## What you have to do
Write out the listing below in full and exactly, leaving out every picture.

## Exercise inputs
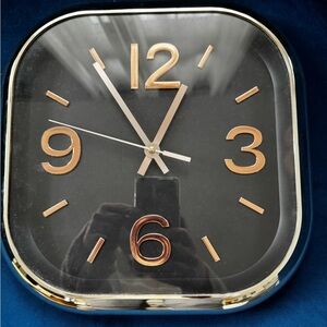 Urban Outfitters Black and Gold Square Wall Clock
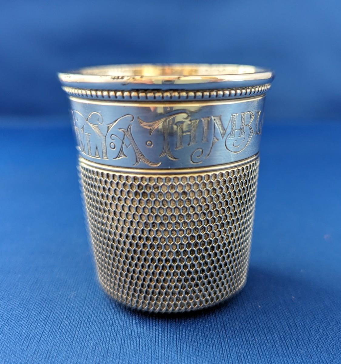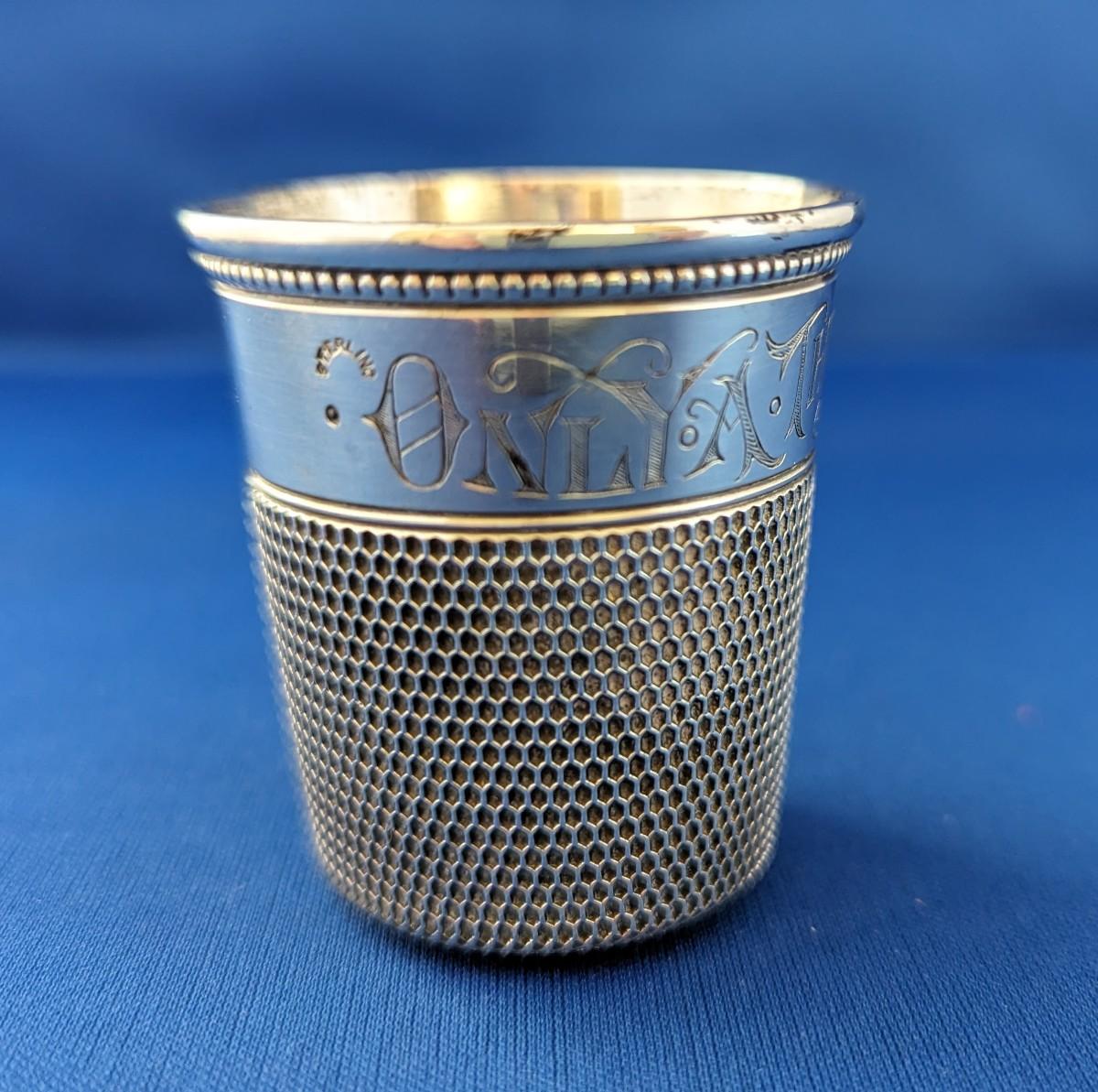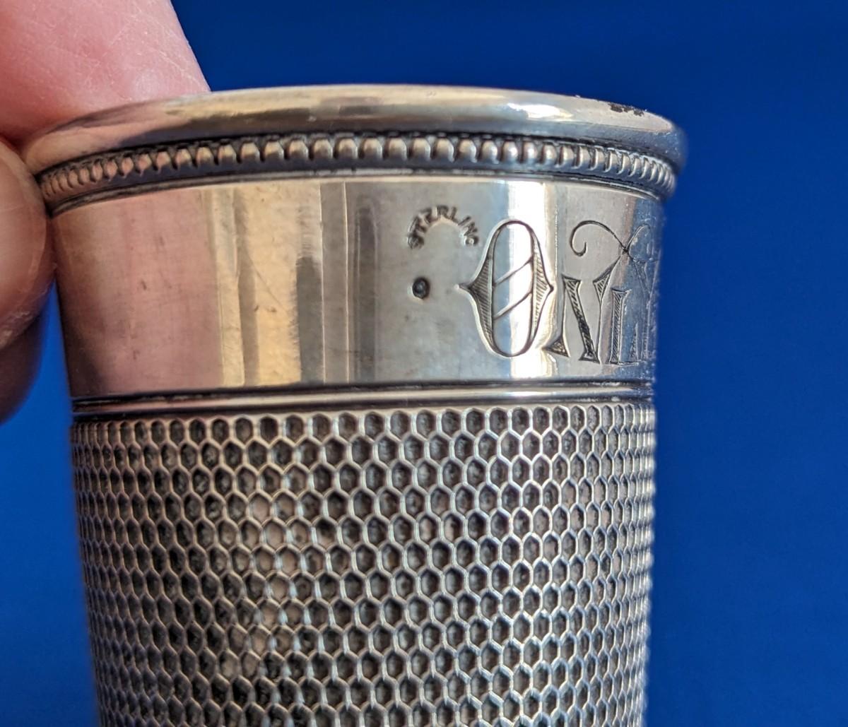 Antique Vintage Sterling Silver Thimble style jigger shot "Only a thimble full"
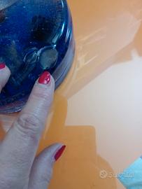 Ciotola vuota tasche in vetro murano di Barbini di colore blu con particolari bolle d'aria che lo rendono unico. Presenta una scalfitura come evidenziato in foto. L'oggetto è numerato V105
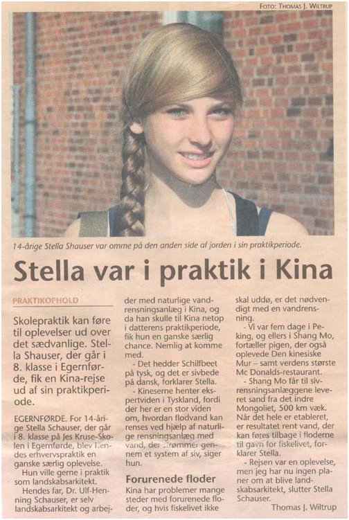 A school internship can lead to special experiences. Stella Schauser, from class 8 of a Danish school in Eckernförde, made a trip to China during her school internship period.
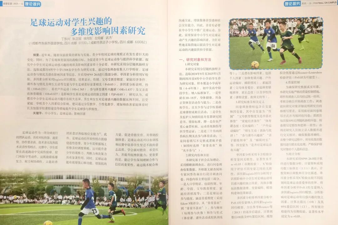丁东兴、张正旭、徐向东、左何睿老师合作撰写的论文《足球运动对学生兴趣的多维度影响因素研究》已发表于《校园足球》杂志2025年第11期。该杂志是由教育部主管,全国青少年校园足球工作领导小组办公室、中国中学生体育协会、中国大学生体育协会、中国教育科学研究院主办的国家级期刊。
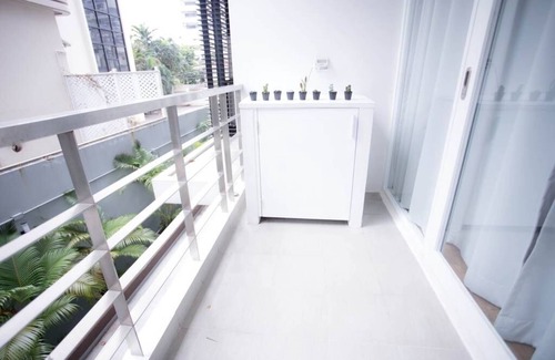 The studio itself contains one bedroom with a comfortable double bed, bedside table, closet, flat screen TV, DVD player, a working desk, a living area, an in-suited bathroom with shower and basic amenities, a kitchen with microwave, fridge, and cooking wares, a washing machine, an iron, a balcony, free Wi-Fi, and keycard access. A swimming pool and 24 hour securities are offered in the main building.
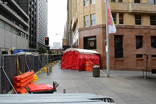Figure 8. The Sydney Lindt Cafe in Martin Place 2 days after the terrorist attack

## Response area
 Urban Outfitters Black and Gold Square Wall Clock
 Antique Vintage Sterling Silver Thimble style jigger shot "Only a thimble full"
 Ciotola vuota tasche in vetro murano di Barbini di colore blu con particolari bolle d'aria che lo rendono unico. Presenta una scalfitura come evidenziato in foto. L'oggetto è numerato V105
 A school internship can lead to special experiences. Stella Schauser, from class 8 of a Danish school in Eckernförde, made a trip to China during her school internship period.
丁东兴、张正旭、徐向东、左何睿老师合作撰写的论文《足球运动对学生兴趣的多维度影响因素研究》已发表于《校园足球》杂志2025年第11期。该杂志是由教育部主管,全国青少年校园足球工作领导小组办公室、中国中学生体育协会、中国大学生体育协会、中国教育科学研究院主办的国家级期刊。
 The studio itself contains one bedroom with a comfortable double bed, bedside table, closet, flat screen TV, DVD player, a working desk, a living area, an in-suited bathroom with shower and basic amenities, a kitchen with microwave, fridge, and cooking wares, a washing machine, an iron, a balcony, free Wi-Fi, and keycard access. A swimming pool and 24 hour securities are offered in the main building.
Figure 8. The Sydney Lindt Cafe in Martin Place 2 days after the terrorist attack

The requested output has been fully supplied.